あとがき

あとがき


 ども。シルバーレイク物語第16巻。エスケープ・フロム・アキーラをお送りします。


 今回は戦いも終わり後は各人がそれぞれの道を歩み始める、と思っていたところにまさかのアラン王の裏切りで、再び戦乱が始まってしまったところから始まります。

 とは言っても最初の頃は両軍の勢力も拮抗しているし都やフォレスへの退路もあるしで、相変わらずのんびりしていたところ、さらなる急転直下で今度は完全に一行は中原に孤立してしまいます。

 そして一歩間違えれば大惨事になってしまいそうなピンチをフィンたちがどうやって切り抜けたかというのが今回の話なんですが……

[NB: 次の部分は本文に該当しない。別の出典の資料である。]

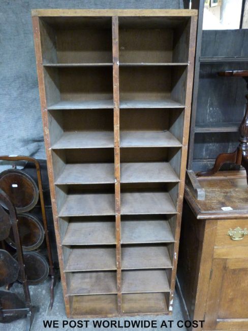 A wooden pigeon hole unit (W58 x D28 x H147cm)

 しかしその割にはなにやら緊張感に欠けているのは困ったもので、正直後半に置かれている状況など相当に厳しくて、普通ならば激戦が繰り広げられてもおかしくないところだったんですが、それが何だかこんなにのんびりした展開になってしまったというのは、やはり前半がアルマーザ視点、後半がメイ視点だったおかげでしょう。

 もしこれがフィン視点だったらもうずっと悩みっぱなしでアウラともあんまりイチャイチャできずどよーんとした話になっちゃってたでしょうかw


 さて今回、特に前半は事件がフィンたちの手の届かないところで連続して起こっていて、彼らは遠くからそれを見守るしかない状況です。なので構想した当初はここではあんまり書くことがないんじゃないかとか危惧していました。

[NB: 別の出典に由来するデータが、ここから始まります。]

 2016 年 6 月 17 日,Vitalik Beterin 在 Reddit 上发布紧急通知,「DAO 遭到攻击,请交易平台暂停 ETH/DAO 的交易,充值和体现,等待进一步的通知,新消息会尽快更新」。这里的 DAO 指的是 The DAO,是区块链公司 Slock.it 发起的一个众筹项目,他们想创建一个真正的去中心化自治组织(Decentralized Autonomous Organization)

 そこでまずティアが押し倒されそうになる話を挟もうと思ってたんですが、その後何だか知らないうちにアルマーザがあんなことになってしまって―――わりとこの展開はつい最近まで作者も知らなかったりしましてw


 続いて後半のメイちゃんのドライブ三昧のお話は、これは相当初期の頃からある程度のイメージができていたところですが、それを彩るエピソードはやはり結構ギリギリに出来上がっていたりします。例えばクルーゼの慰安公演などはアルマーザがああなっちゃったからこそできた話だったりします。

 またアスリーナとかも新米秘書官編でわりと勢いでできたキャラだったりして、彼女がここでこんな風に関わってくるとは全然知りませんでしたが……

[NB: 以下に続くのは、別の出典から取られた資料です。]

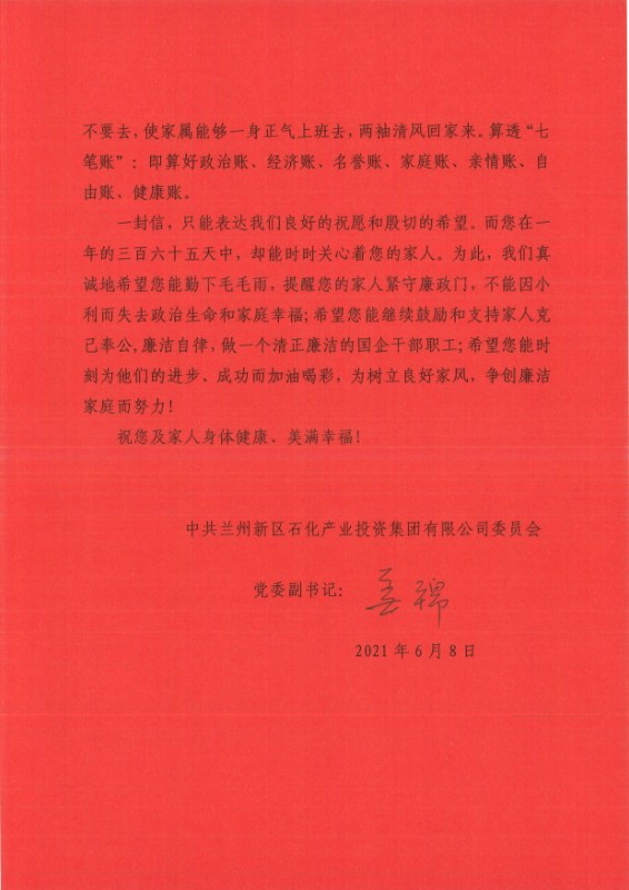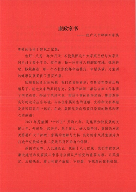 【廉政家书】致广大干部职工家属的一封信!

 さて今回で第1巻の「シルバーレイク物語について」で記した全体構想の「中原の覇者編」が終了し、次巻からついに最終章「暗黒大魔導編」に突入することになります。

 ちなみにそのリンク先で「中原の覇者編 太陽と魔法のしずく(13) あと2巻予定」とか最後の「暗黒大魔導編 2巻予定」とかになっていたりしますが、中原の覇者編は結局4巻になっておりまして、多分暗黒大魔導編も間違いなく2巻じゃ終わらないでしょう。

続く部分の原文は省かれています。